Как он не видит? Как можно быть настолько слепым?!

— Есть прекрасный и логичный выход, — сказал отец. — Вы служите катализаторами определённых гормональных процессов друг в друге только находясь на достаточно близком расстоянии. Противоположные концы галактики — и нет никакой зависимости. Вы свободны и можете любить по велению души, а не по прихоти умелого генетика-ремесленника.

Мари пожала плечами.

— А что такое душа?

— То, чего по определению нет у клона.

— Если это соображение не играло роли семь лет назад, зачем бы ему всплывать теперь?
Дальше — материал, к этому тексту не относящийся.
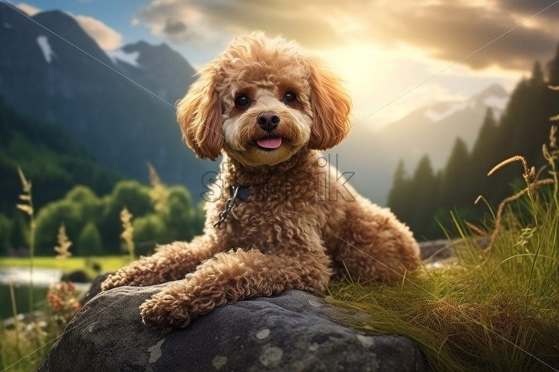 Close view of a woman petting her happy german spaniel with brown fur and opened mouth, nature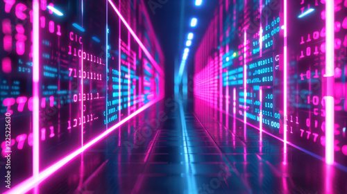 Futuristic digital corridor with glowing binary code and neon lights, creating vibrant atmosphere of technology and data flow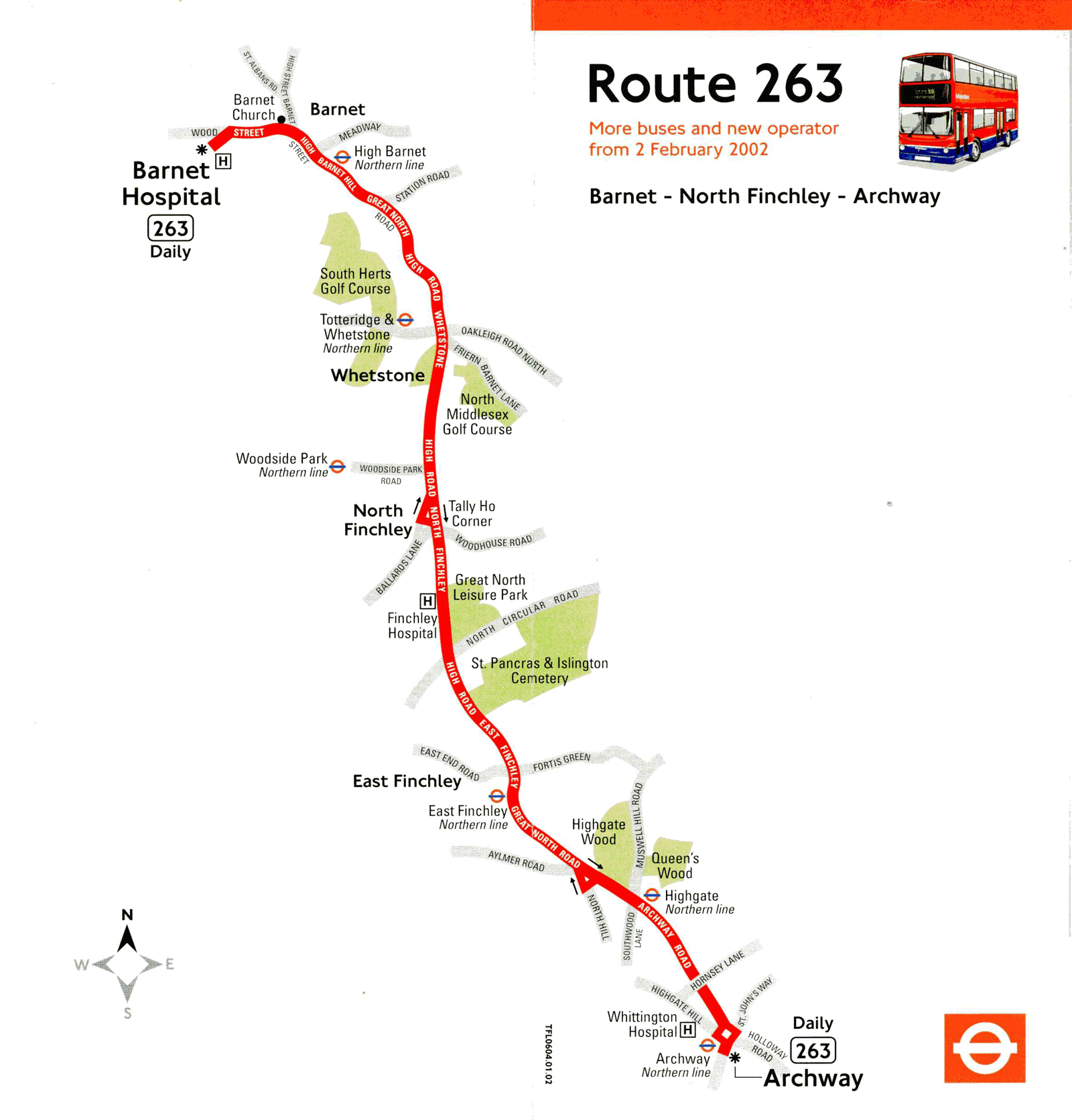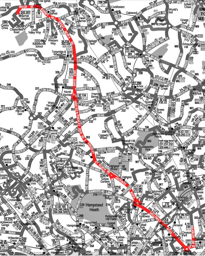 Re-routed to run between Highbury Barn and Barnet Hospital via Highgate Village (North Hill and Highgate Hill).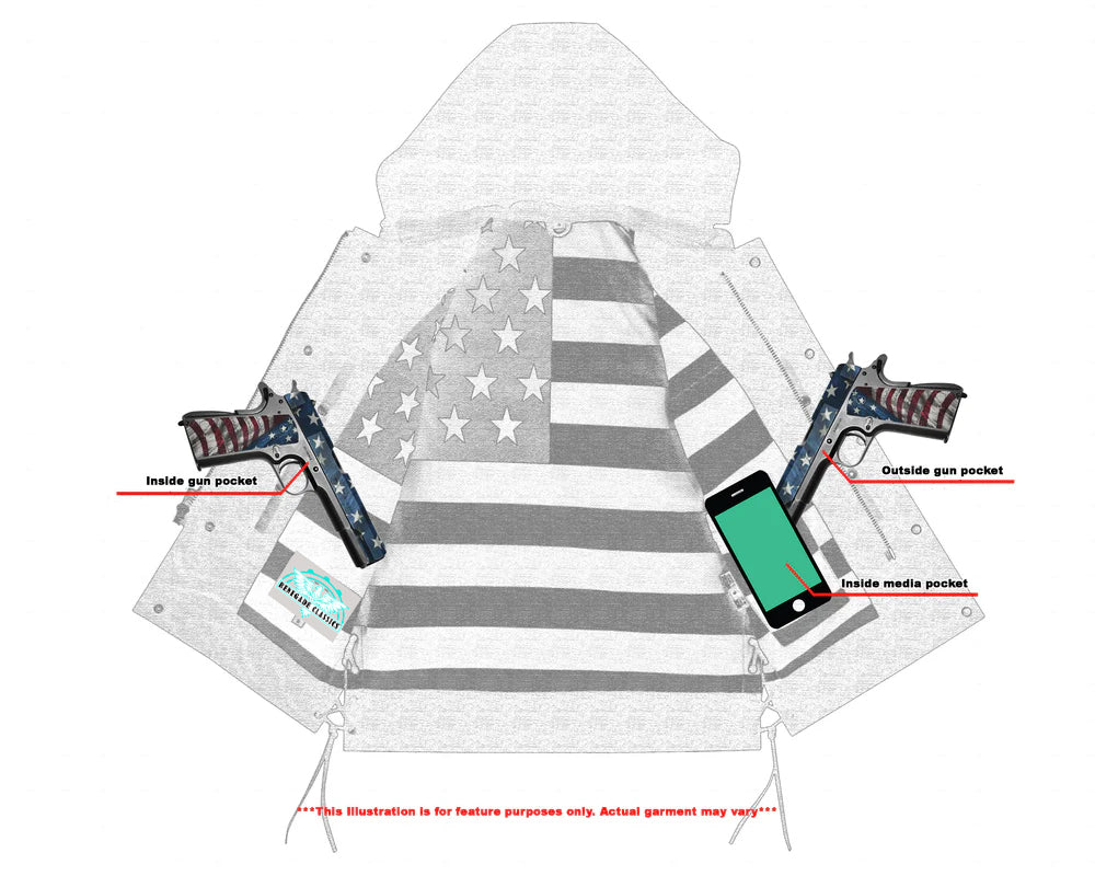 2 upgraded style concealed gun pockets between the snap and the zipper made of special heavy-duty textile with built-in holsters and snap closure.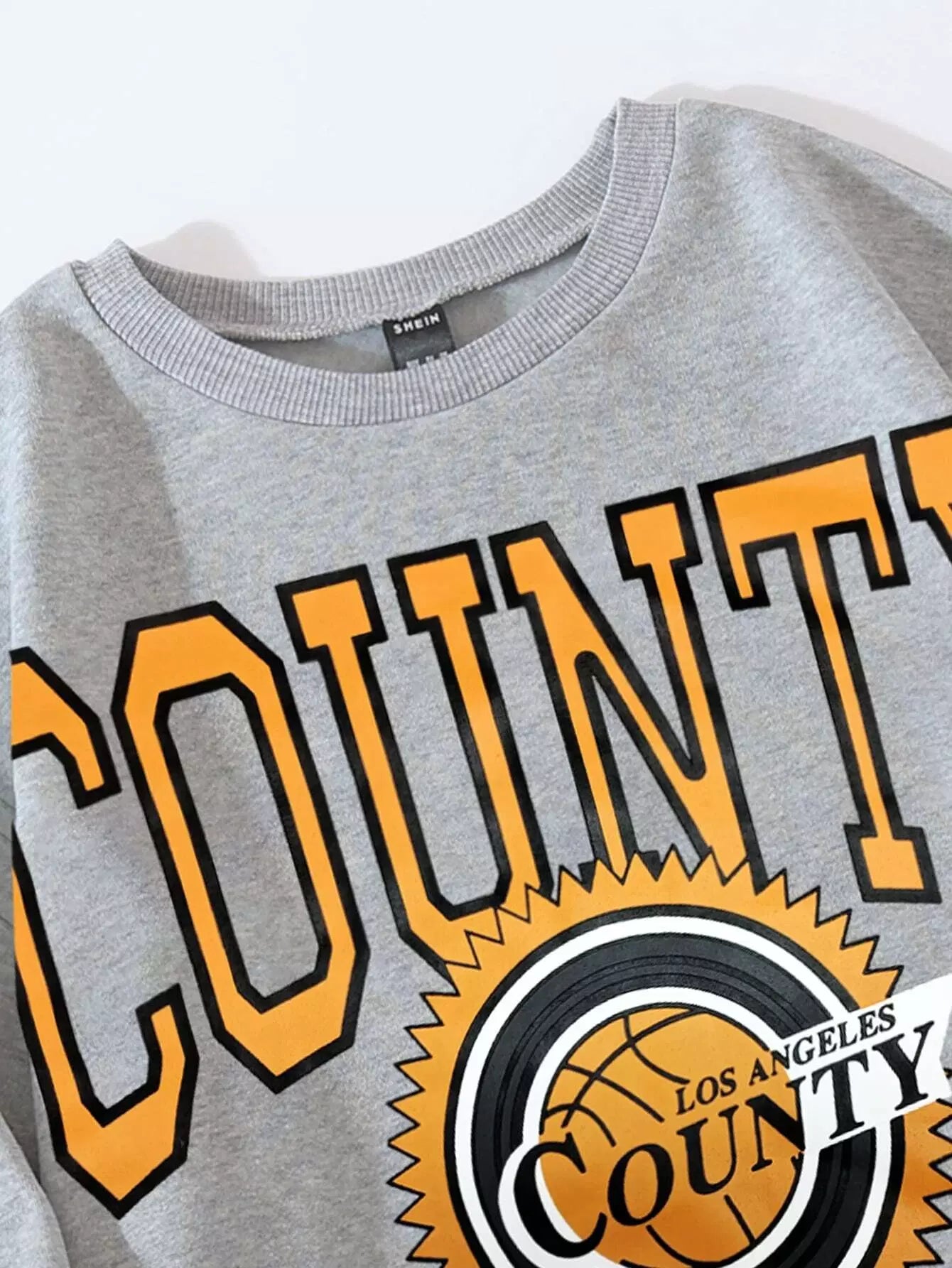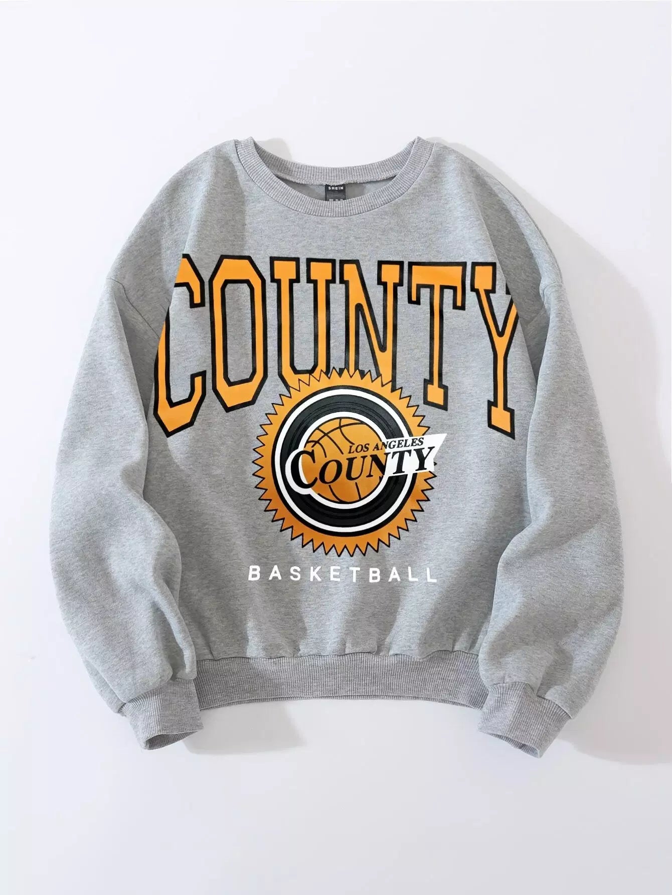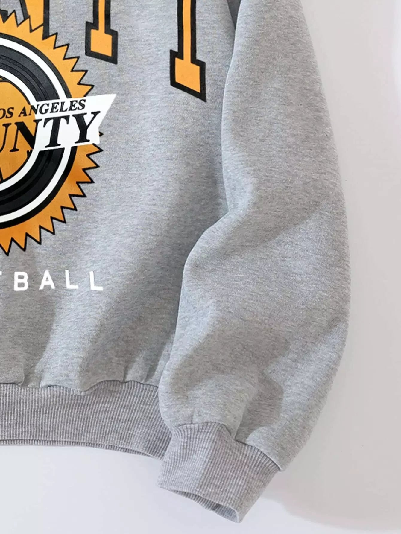 كنزة صوفية برسومات كرة السلة وحروف زائد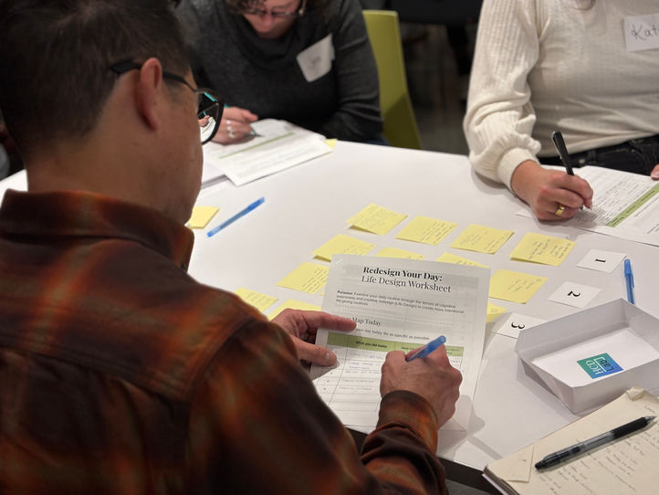 After a few examples, attendees engaged in personal reflection. Guided by questions in a 5 step process, attendees reflected in detail on their day, identified friction points, surfaced underlying thoughts and narratives, reframed their situations as design questions, and planned multiple prototypes for small behavioral experiments to break the negative cycles they were experiencing. It was heavy, but insightful and inspiring!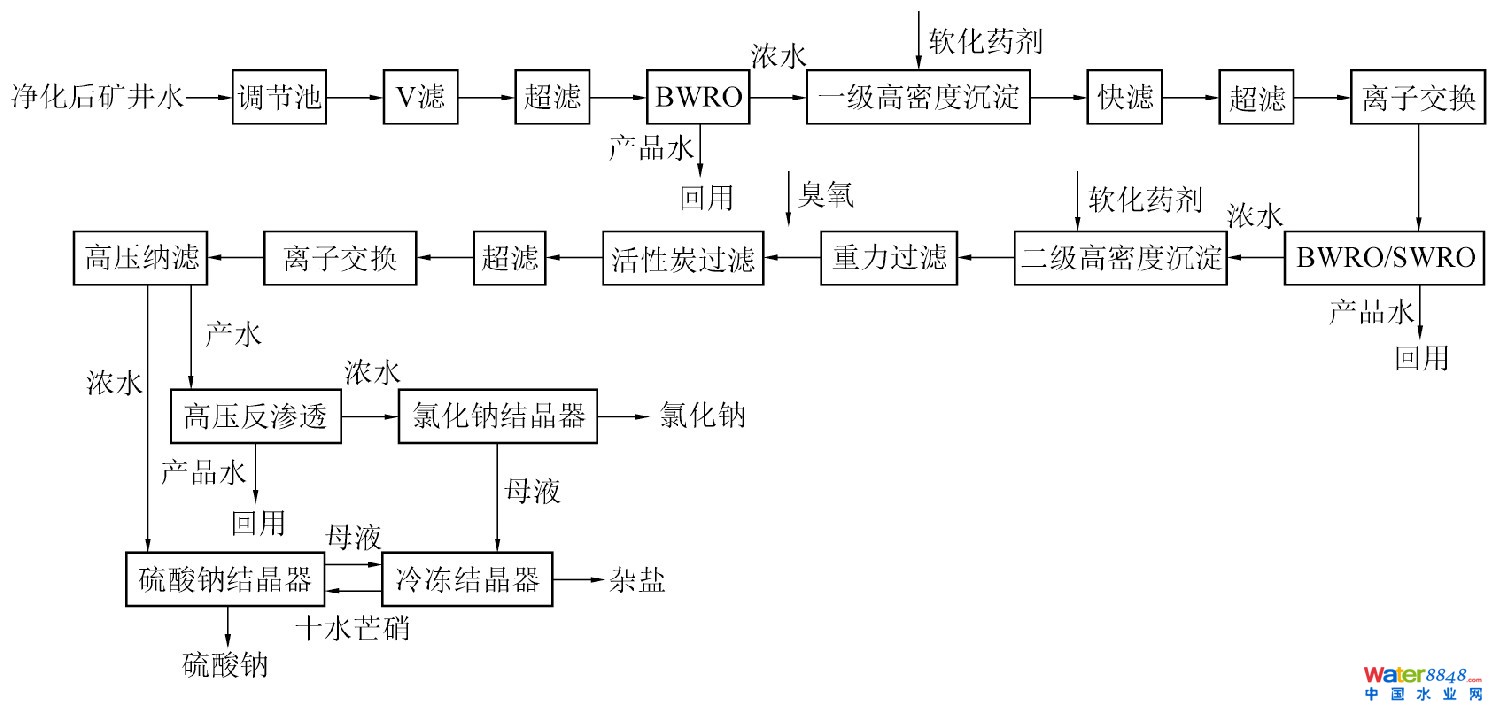 某地區(qū)外排礦井水要求滿足《地表水環(huán)境質(zhì)量標(biāo)準(zhǔn)》表1Ⅲ類和表2指標(biāo)要求,外排水含鹽量3 000 mg/L,其中SO42-860 mg/L、Cl-380 mg/L,設(shè)計(jì)規(guī)模30 000 m3/d。預(yù)處理段采用三級(jí)超濾、兩級(jí)高密藥劑軟化、兩級(jí)離子交換及臭氧分步協(xié)同預(yù)處理工藝,膜濃縮段采用BWRO+BWRO/SWRO+HPNF/HPRO工藝,蒸發(fā)結(jié)晶段采用膜法分鹽結(jié)晶工藝,工藝流程見圖3。最終產(chǎn)品水滿足《地表水環(huán)境質(zhì)量標(biāo)準(zhǔn)》Ⅲ類,TDS≤1 000 mg/L,SO42-≤250 mg/L,Cl-≤250 mg/L,硫酸鈉符合GB/T6009—2014工業(yè)硫酸鈉Ⅱ類一等品,氯化鈉符合GB/T 5462—2016精制工業(yè)鹽二級(jí)指標(biāo),項(xiàng)目投資3.8億,日噸水投資1.26萬元,水處理直接運(yùn)行成本8.2元/噸水,綜合運(yùn)行成本10.3元/噸水,系統(tǒng)綜合水回收率97%。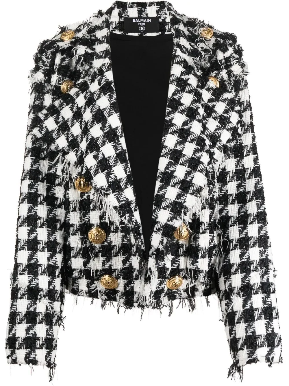frayed tweed jacket Balmain adds a contemporary twist to a wardrobe staple in this tweed jacket. It features all-over frayed detailing a cropped length, imbuing the design with a modern flair. Imported Composition Outer: Polyamide 59%, Wool 14%, Polyester 14%, Cotton 6% Lining: Viscose 52%, Cotton 48% SIZE & FIT Model measurements Height 5 ft 10 in(1.78 m) Bust/Chest 31.49 in(80 cm) Hips 35.43 in(90 cm) Waist 24.4 in(62 cm) FittingInformation This piece fits true to size. We recommend you get your regular size Cut for a loose fit Made with a mid-weight non-stretch fabric Washing instructions Dry Clean Only

Или ты считаешь, я не унаследовала цинизм?

Высшие семьи галактики то и дело сотрясаемы скандалами: там отпрыск растратил деньги старших партнёров, тут наследница перетрясла перед жадными до сенсаций репортёрами всё семейное бельё, а младший брат попался на наркотиках, продал конкурентам тайны семейного бизнеса, а после подался к Ванессе Оук Кэмпбэлл. Бесчисленные мезальянсы тоже были, словно дети бились об заклад, кто эффективнее втопчет в грязь родительское имя. До сих пор Гилберту Люссаку не в чем было упрекнуть дочь. Слишком правильная, точно поверхность омута в лунную ночь. Это не к добру.

— Цинизм бьёт рикошетом. Гормональные процессы обратимы в том смысле, что если выработка гормона зависит от функции гена, то на сам ген вполне возможно воздействовать химически, уже на живом теле. Укол или таблетка — и вы станете друг для дружки сильнейшими аллергенами. Таким образом, вашу так называемую «любовь» ничего не стоит превратить в ненависть. И последнее слово я сейчас произношу без кавычек.

— Значит, у тебя есть прекрасный шанс определиться, кого ты любишь: свою дочь или меня. В первом случае тебе вполне хватит «куклы», которая на Далиле.

Вот и поговорили папа с дочкой.

Это клон, она не сможет выйти за него замуж. Если она станет с ним жить открыто — что уж там, если она вообще станет с ним жить! — она вообще лишится возможности нормально, правильно выйти замуж. На политических надеждах, связанных с её браком — а это было такое долговременное вложение сил, средств, и души, да! — придётся ставить крест. Это моральный крах, это фиаско в собственной семье. Это конец игре на большой сцене. Она обиделась! Кто бы мог подумать?!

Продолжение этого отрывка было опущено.